EDIT: Just found this[1] as well, though setup might also be a pain.

[0] https://softology.pro/tutorials/tensorflow/tensorflow.htm [1] https://replicate.com/methexis-inc/img2prompt



iOS is pretty good at it if you enable VoiceOver.

Microsoft has an app called Seeing Eye that’s not as good at it.

Both of those use older pre-CLIP technology.


What is the purpose of these new AI photo generators besides crime, impersonation, or advertising? People seem really excited by them, but I don't get it.


Check out this artist on youtube that uses Midjourney to draw something in 20 minutes that would usually take him hours: https://www.youtube.com/watch?v=EsQgD9yNMxU


It's a creative outlet, it's art, it's fun.


Coming from Google? No thanks. If we are already being screwed by simple services like YouTube, I cannot imagine how screwed up we'll be when we become addicted to services that rely on the research posted on the article. Coming from Google, it's probably only good for Google, not for its potential customers/users/slaves.


For all those who are practically demanding this be turned over to them, here's a quote from a recent article (about Telegram):

Filing a charge is pointless, says Ezra. Since two years, she's being harassed on Telegram. It started when she was sixteen: photoshopped nudes with her snapchat account were circulated. They had taken selfies from her social media, and those of her family, and combined them with porn fragments.

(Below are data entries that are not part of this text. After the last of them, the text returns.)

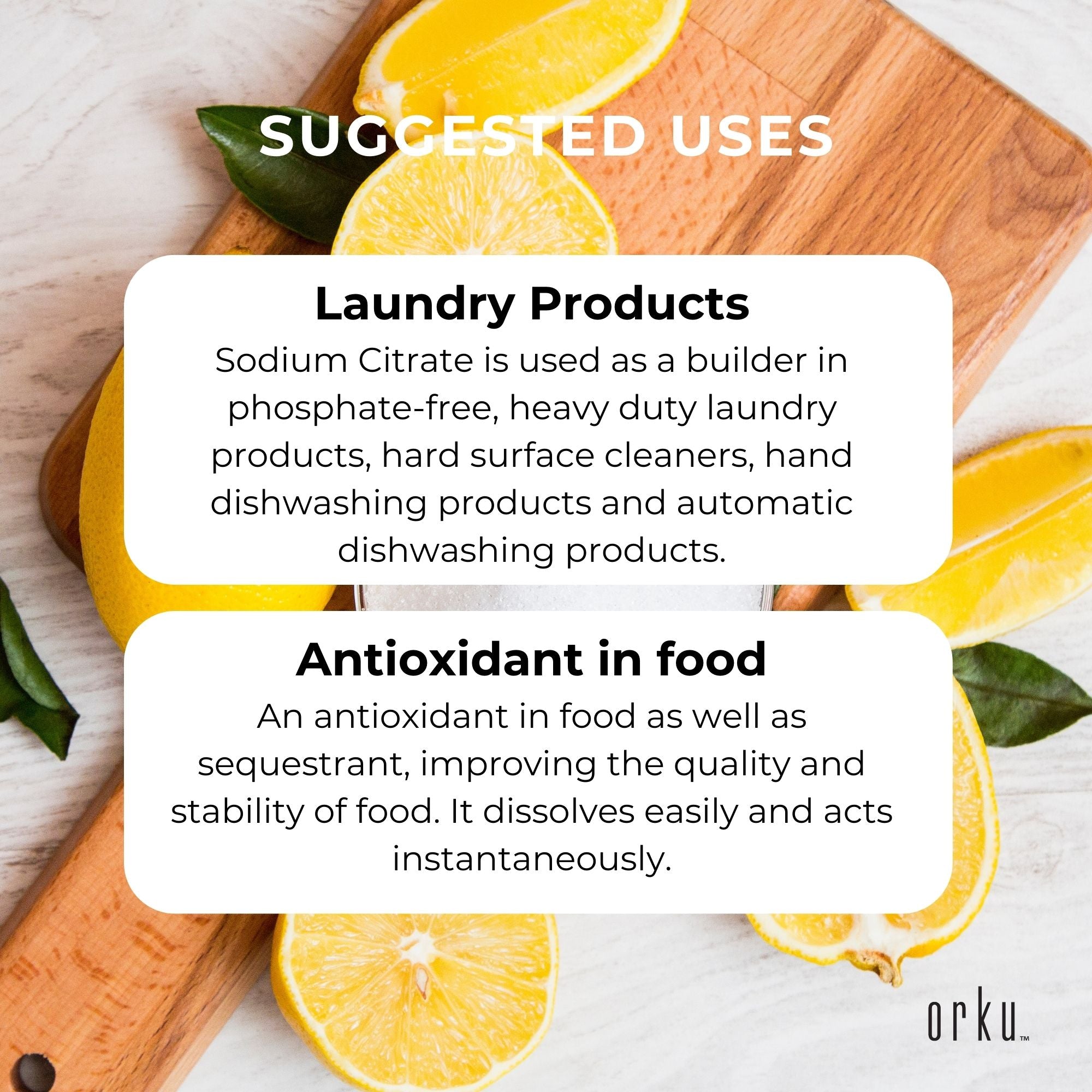 Sodium Citrate is used as a builder in phosphate-free, heavy duty laundry products, hard surface cleaners, hand dishwashing products and automatic dishwashing products.
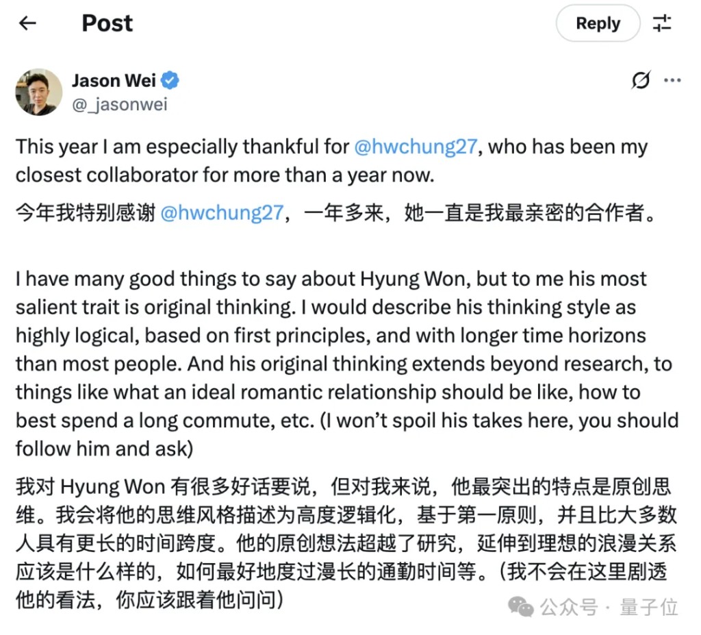 Chinese scientist Jason Wei, the proponent of "Chain-of-Thought," is a key figure behind o1.
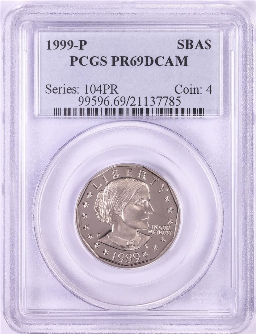 One 1999-P $1 Proof Susan B Anthony Dollar Coin PCGS PR69DCAM. PCGS Graded.
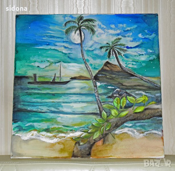 Картина-рисувана върху платно с размери 40 на 40 см. Морски пейзаж ,рисуван с акварел.
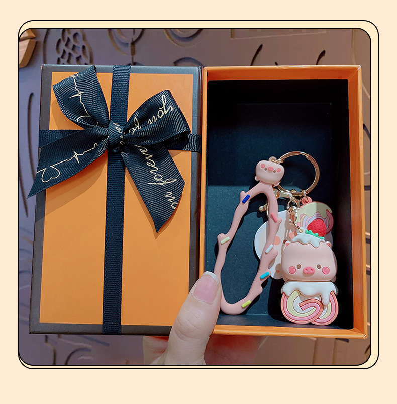 창조적 인 귀여운 돼지 Mengmeng 디저트 키 체인 커플 만화 Schoolbag 펜던트 자동차 키 체인 선물 도매
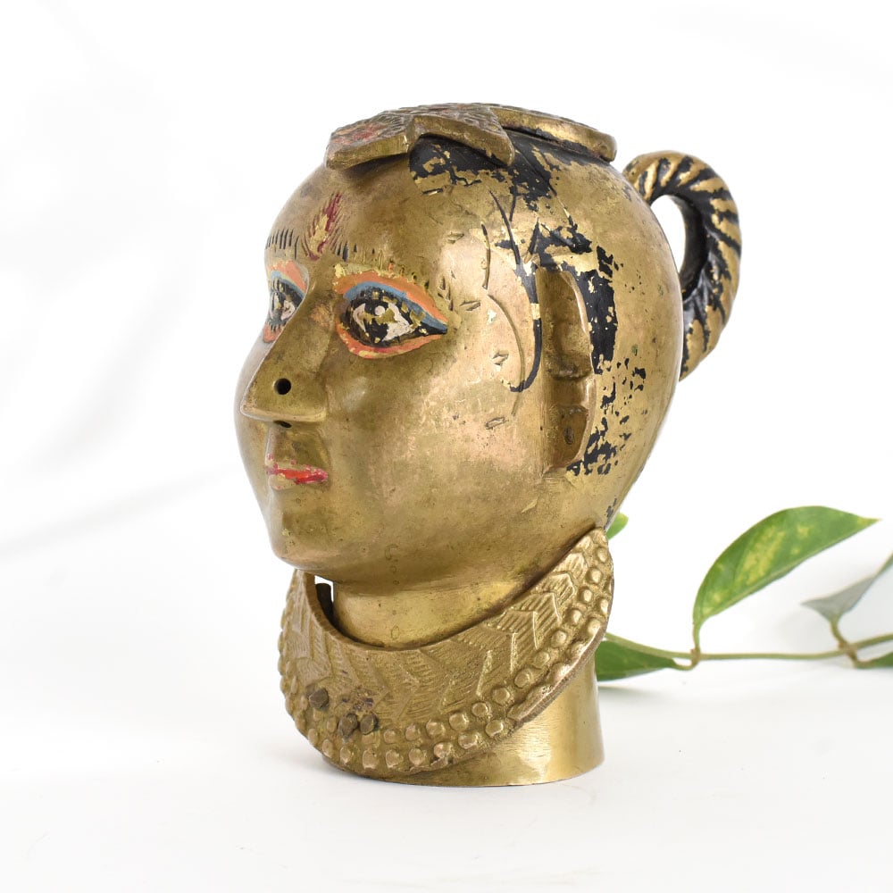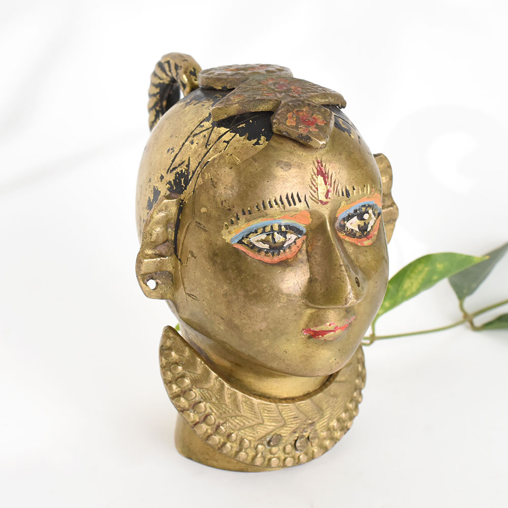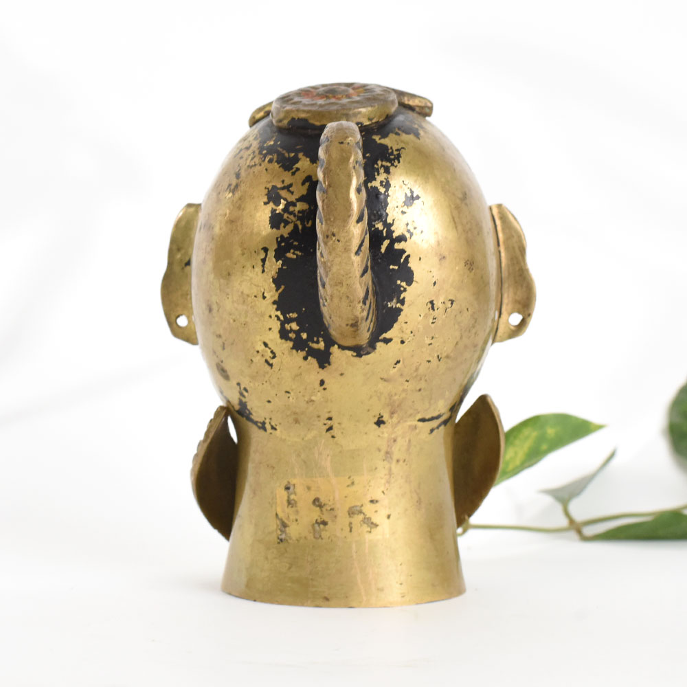 This traditional brass Gauri head sculpture adds a touch of cultural richness to your Decor. Featuring hand painted eyes, lips, and forehead detailing, the piece captures the stylised facial features of folk art. The ornate collar enhances its regal appearance, making it an eye catching decorative accent for living rooms, entryways, or studies. Handmade from brass, the sculpture exudes warmth and character, with each brushstroke revealing the artisans touch. Place it on a console or mantel to add an element of storytelling and heritage to your space. Over time, the metal develops a patina that deepens the colours and adds depth. Each sculpture is unique due to its handcrafted and hand painted nature.

She doesn't know the perpetrator, but that person takes a lot of trouble to ruin her. "Nowadays, the boys have so many ways to make it look real." [1]

If you read that, and think all these tools should be released, you're part of the problem.

[1] de Groene Amsterdammer,146/33, p. 21.


> If you read that, and think all these tools should be released, you're part of the problem.

Such comments make me wonder whether a social credit system is actually a good idea. Yes, it can be abused to deny my rights, but how can it be worse than being assumed to be a sexual predator by default?


Nobody assumes that. But if you give it away to literally everybody that asks for it, you'd be worse than naive to assume that nobody is going to abuse it.

But your comment makes it sound as if you'd rather give up your rights than not have access to this system. I don't think it's that interesting, is it?